Exercise inputs →
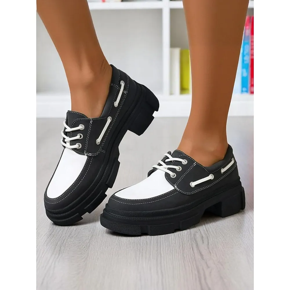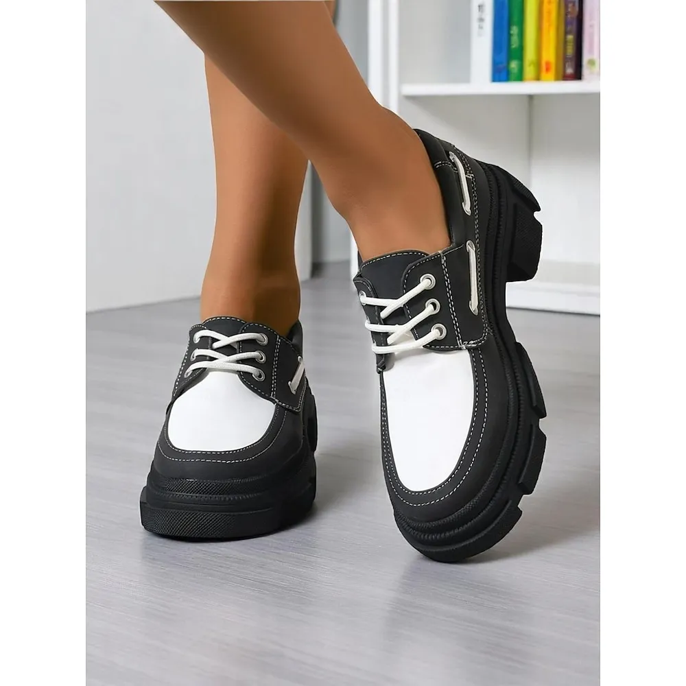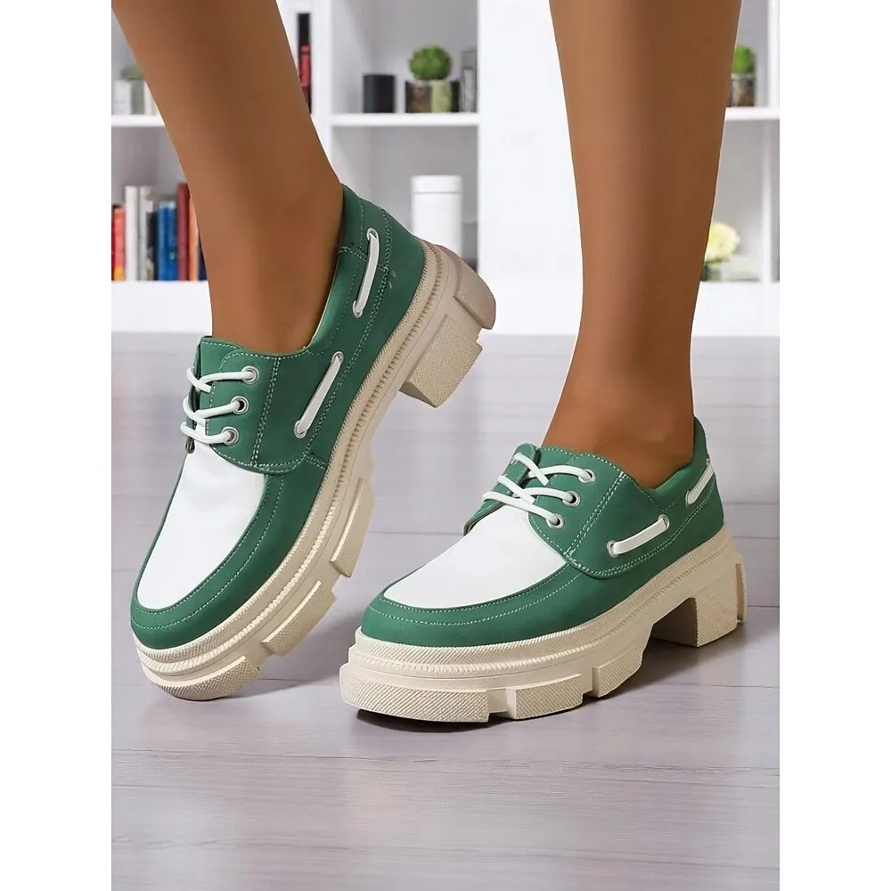 Women’s Oxford Style Platform Shoes – Trendy Green and White Color Block with Chunky Sole, Ideal for Commuter Wear and Casual Office Days
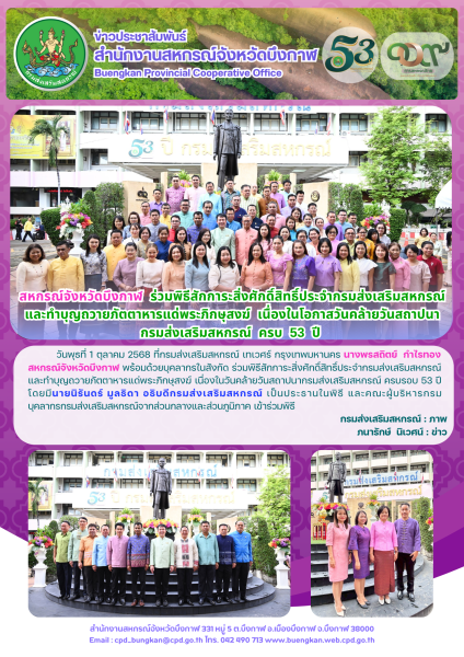วันพุธที่ 1 ตุลาคม 2568 ที่กรมส่งเสริมสหกรณ์ เทเวศร์ กรุงเทพมหานคร นางพรสถิตย์ กำไรทอง สหกรณ์จังหวัดบึงกาฬ พร้อมด้วยบุคลากรในสังกัด ร่วมพิธีสักการะสิ่งศักดิ์สิทธิ์ประจำกรมส่งเสริมสหกรณ์ และทำบุญถวายภัตตาหารแด่พระภิกษุสงฆ์ เนื่องในวันคล้ายวันสถาปนากรมส่งเสริมสหกรณ์ ครบรอบ 53 ปี โดยมี นายนิรันดร์ มูลธิดา อธิบดีกรมส่งเสริมสหกรณ์ เป็นประธานในพิธี และคณะผู้บริหารกรม บุคลากรกรมส่งเสริมสหกรณ์จากส่วนกลางและส่วนภูมิภาค เข้าร่วมพิธี
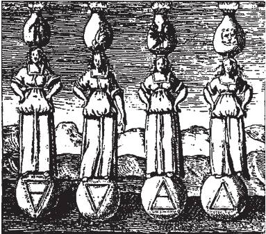 • В алхимии два равносторонних треугольника с вершинами, направленными вверх и вниз, обозначали, соответственно, огонь и воду. Взятые вместе, они символизировали единство противоположностей: сущность и субстанцию, стабильность и изменчивость, дух и материю и т. д.
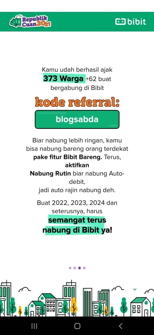 Sabda ini ter-detect sudah berhasil mengajak 373 warga Indonesia untuk bergabung di Bibit dan memulai reksadana. Bukan jumlah yang sedikit, lho. Itu berarti kamu punya tujuan baik agar seluruh warga Indonesia bisa memiliki pengelolaan keuangan yang baik.
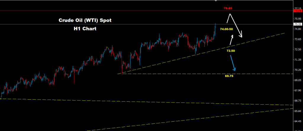 تمكن النفط الخام من الحفاظ على مسيرة الارتفاع ضمن توقعات المدى القصير حيث يقترب السوق من مستوى المقاومة الرئيسي 76.85
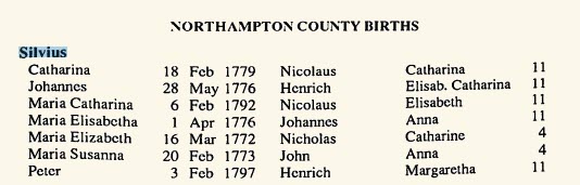 | Northampton County Births | Silvius
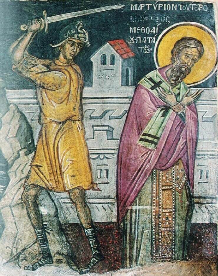 Священномученик Мефодий Патарский: "Благословенна ты, всеблагословенная и всевожделенная! Благословениями Господа преисполнено Богоблагодатнейшее имя Твое, Богородительница и просветительница верных. Ты объемлешь, так сказать, неотъемлемого; Ты – корень прекраснейшего цвета (Ис. 11:1). Матерь Создателя, питательница Питающего, содержащая Вседержителя, носящая держащаго все словом (Евр. 1:3). Ты – врата грядущего Бога по плоти, клещи очистительного угля (Ис. 6:6), малое вместилище вмещающего в недрах своих все, руно непостижимой росы (Суд. 6:37), жизнедательный, желанный Давидом (2 Царств. 23:15), колодец Вифлеемский, из которого проистекло питие бессмертия. – очистилище (Исx. 25:17), из которого Бог явился людям в человеческом образе, – чистое одеяние одевающагося светом, как ризою (Пс. 103:2); Ты дала ненуждающемуся ни в чем плоть, которой Он не имел, чтобы Он, Всемогущий, соделался тем, чем благоволил соделаться. Что славнее этого? Что выше этого? Тот, Кто наполняет и небо и землю (Иер. 23:24), Которому принадлежит все, соделался нуждающимся в Тебе: ибо Ты сообщила Богу плоть, которой Он не имел, Ты облекла Всемогущего в благолепное всеоружие плоти, чрез которую и Он соделался видимым и доступным для меня, и я могу приступить к Нему и взирать на Него, и чрез которую все раскаленныя стрелы лукаваго будут угашены (Ефес. 6:16). Дивно и прекрасно, Матерь и раба Божия! Дивно и прекрасно, имеющая Заимодавца всех должником Своим! Все мы – должники пред Богом, а Он делается Твоим должником. Сказавший: чти отца твоего и матерь твою (Исх. 20:12), Сам благоволив принять на Себя это, тем более соблюдет благорасположение и собственную заповедь к послужившей Добровольному Его рождению, и боголепно прославит Ту, Которую наименовал Матерью без мужа, Сам родившись без отца. Так будет это, будет! Приносимые нами хвалы Тебе, святейшее и дивное жилище Божие, не суть слова бесплодного красноречия, и не плод мирской лести и угодливости – это славословие Тебе, Богохвальная и млекопитающая Бога, Который дает смертным начало бытия посредством рождения, во свидетельство действительной истины. Впрочем, и нам и будущим поколениям не достанет времени, чтобы по достоинству ублажить Тебя, Матерь Царя веков (1Тим. 1:17), как говорит в одном месте святой Пророк, внушая нам непостижимость Твою: «как велик дом Божий, и как пространно место владычества Его! Велик Он и не имеет конца, высок и неизмерим» (Варух. 3:24–25). По истине пророческое и по истине неложно это слово о Твоем величии: ибо Ты одна удостоилась уподобиться Богу в делах Божиих. Ты одна родила по плоти Бога, единородно и совечно рожденного от Бога Отца. Так по истине исповедуют содержащие правую веру...Радуйся, град великого Царя, в котором совершились таинства нашего спасения. Радуйся, земное небо, верный наконец Господу город Сион (Ис. 1:26). Радуйся и светись, Иерусалим, ибо пришел Свет твой (Ис. 60:1); Свет присносущий, Свет вечный, Свет невещественный, Свет единосущный Богу Отцу, Свет сущий в Духе и в котором (пребывает) Отец, Свет просветивший века, Свет просветивший вышемирное и находящееся в мире, Христос истинный Бог наш. Радуйся, город святой и избранный Господом, торжествуй с веселием праздники свои, которые уже не подвергнутся обветшанию. Радуйся, город счастливейший: поелику славное возвещено о тебе (Пс. 86:3); священники твои облекутся в спас

Assignment → Copy the entries above exactly, but only the stretch from the line containing "материю и т. д." through the line containing "Sabda ini ter-detect". Keep both end lines; drop the pictures.

Result of this exercise →
 • В алхимии два равносторонних треугольника с вершинами, направленными вверх и вниз, обозначали, соответственно, огонь и воду. Взятые вместе, они символизировали единство противоположностей: сущность и субстанцию, стабильность и изменчивость, дух и материю и т. д.
 Sabda ini ter-detect sudah berhasil mengajak 373 warga Indonesia untuk bergabung di Bibit dan memulai reksadana. Bukan jumlah yang sedikit, lho. Itu berarti kamu punya tujuan baik agar seluruh warga Indonesia bisa memiliki pengelolaan keuangan yang baik.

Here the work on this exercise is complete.